Generating Symbolic Expression for Forward Kinematics

The method that is going to be discussed here applies to simple manipulators. A more general form could be derived but the aim here is to understand the basics. The way ROS understands the kind of robot that is being loaded into the parameter server is through the robot_description tag which is basically an xml file more commonly known as URDF. The URDF file could be parsed to extract all the relevant parameters to compute the forward kinematics (Refer orocos kdl for deeper understanding).

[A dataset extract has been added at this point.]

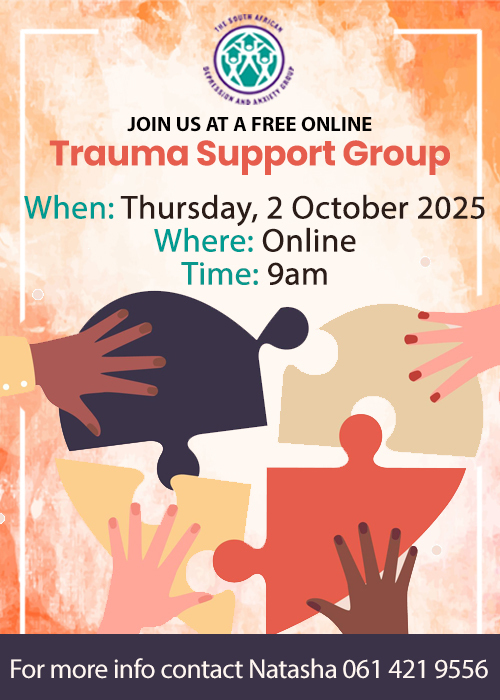 Have you experienced Trauma and are looking for a safe space to talk, share, and heal? Join SADAG’s FREE Online Trauma Support Group on Thursday, 2 October 2025 at 9am. This Group creates a supportive and confidential environment where you can connect with others who understand what it means to go through difficult experiences. Whether you choose to share your story or simply listen, it’s a chance to feel less alone and find strength in community. For more information please contact Natasha on 061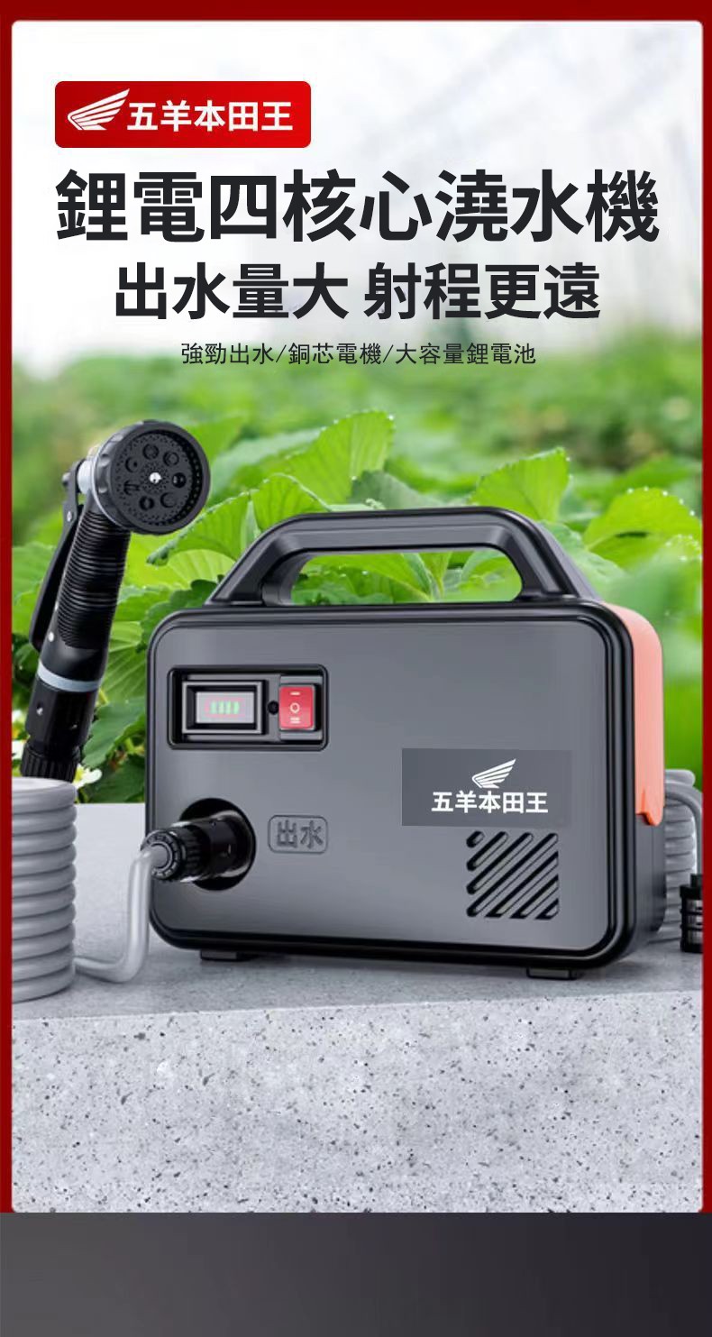 5分鐘前「日本進口」五羊本田王鋰電充電式抽水泵 全新一機升級,澆菜/打藥/洗車/灌溉輕鬆搞定‼️ 十年用不壞 - 【X5節單電】電量顯示 强续航1小時【螺旋聚压大水流】+10米管

Let’s take the case of a simple three degree of freedom planar manipulator. Refer to this python script for the following discussion. Some of the things are hard coded as I am not doing any URDF parsing. Launch the simulation environment so that URDF is loaded into the parameter server. Send the robot to zero position (where all the joint values are zero).Then we need to know the link names as described in the URDF (self.links). The arm_base to arm_link_0 and arm_link_3 to arm_end_effector are transformations where the rotations are constant (usually identity) and some fixed translation. Since we are considering a 3-DOF planar manipulator, we know that there are three joint space variable viz.,q1, q2 and q3. The following table can be obtained by carefully observing the output produced by the get_trans_rot() function. It takes in a source and target frame and returns the translation, quaternion and the 4 x 4 transformation matrix between them.

  Rotation
(Axis, Angle)
Translation
arm_base to arm_link0 Identity [0.02, 0.0, -0.0901]
arm_link0 to arm_link1 (Z, q1) [0.1215, 0.0, -0.004]
arm_link1 to arm_link2 (Z, -q2) [0.2, 0.0, 0.004]
arm_link2 to arm_link3 (Z, q3) [0.2, 0.0, 0.0]
arm_link3 to arm_end_effector Identity [0.24, 0.0, 0.045]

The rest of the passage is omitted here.